--- Try it ---
Omit all pictures, and print word for word only the lines from the one containing "內(nèi)蒙古自治區(qū" through the end of the data.

[Data under study]

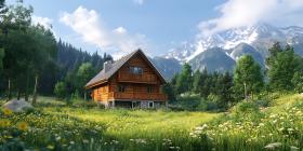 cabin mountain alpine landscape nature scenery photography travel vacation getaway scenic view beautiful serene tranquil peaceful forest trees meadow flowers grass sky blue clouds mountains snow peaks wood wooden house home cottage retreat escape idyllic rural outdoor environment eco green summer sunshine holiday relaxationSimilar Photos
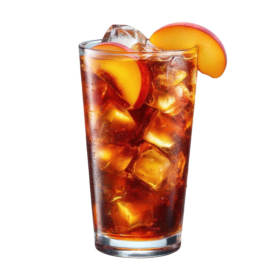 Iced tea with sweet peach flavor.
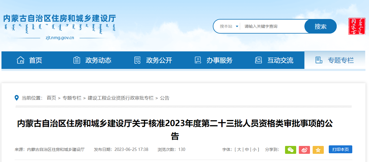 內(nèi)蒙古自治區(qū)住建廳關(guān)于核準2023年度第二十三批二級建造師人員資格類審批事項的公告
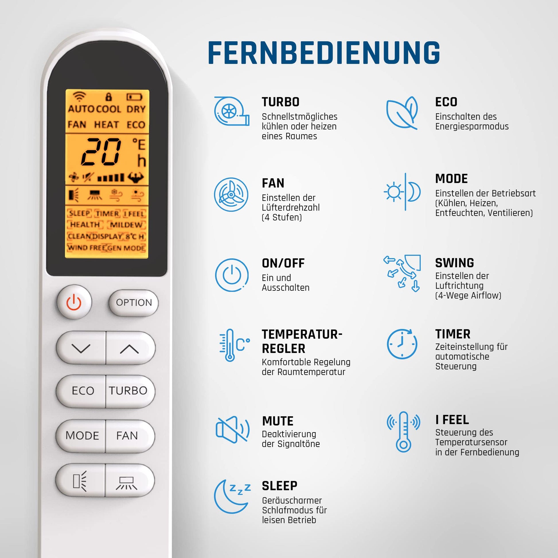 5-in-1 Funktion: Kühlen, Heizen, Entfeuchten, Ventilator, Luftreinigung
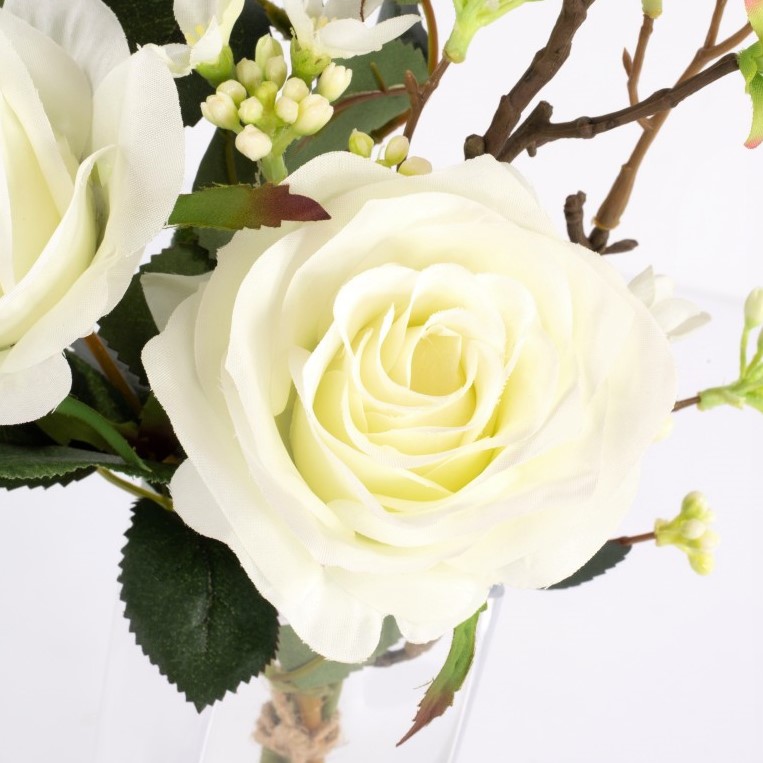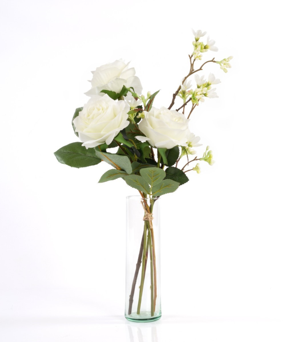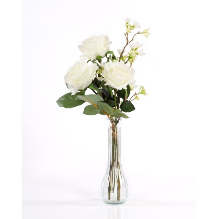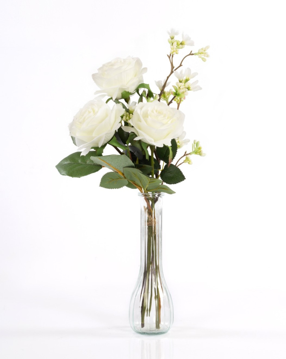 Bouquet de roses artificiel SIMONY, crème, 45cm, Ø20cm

[/Data under study]

--- Result below ---
 內(nèi)蒙古自治區(qū)住建廳關(guān)于核準2023年度第二十三批二級建造師人員資格類審批事項的公告
 5-in-1 Funktion: Kühlen, Heizen, Entfeuchten, Ventilator, Luftreinigung
 Bouquet de roses artificiel SIMONY, crème, 45cm, Ø20cm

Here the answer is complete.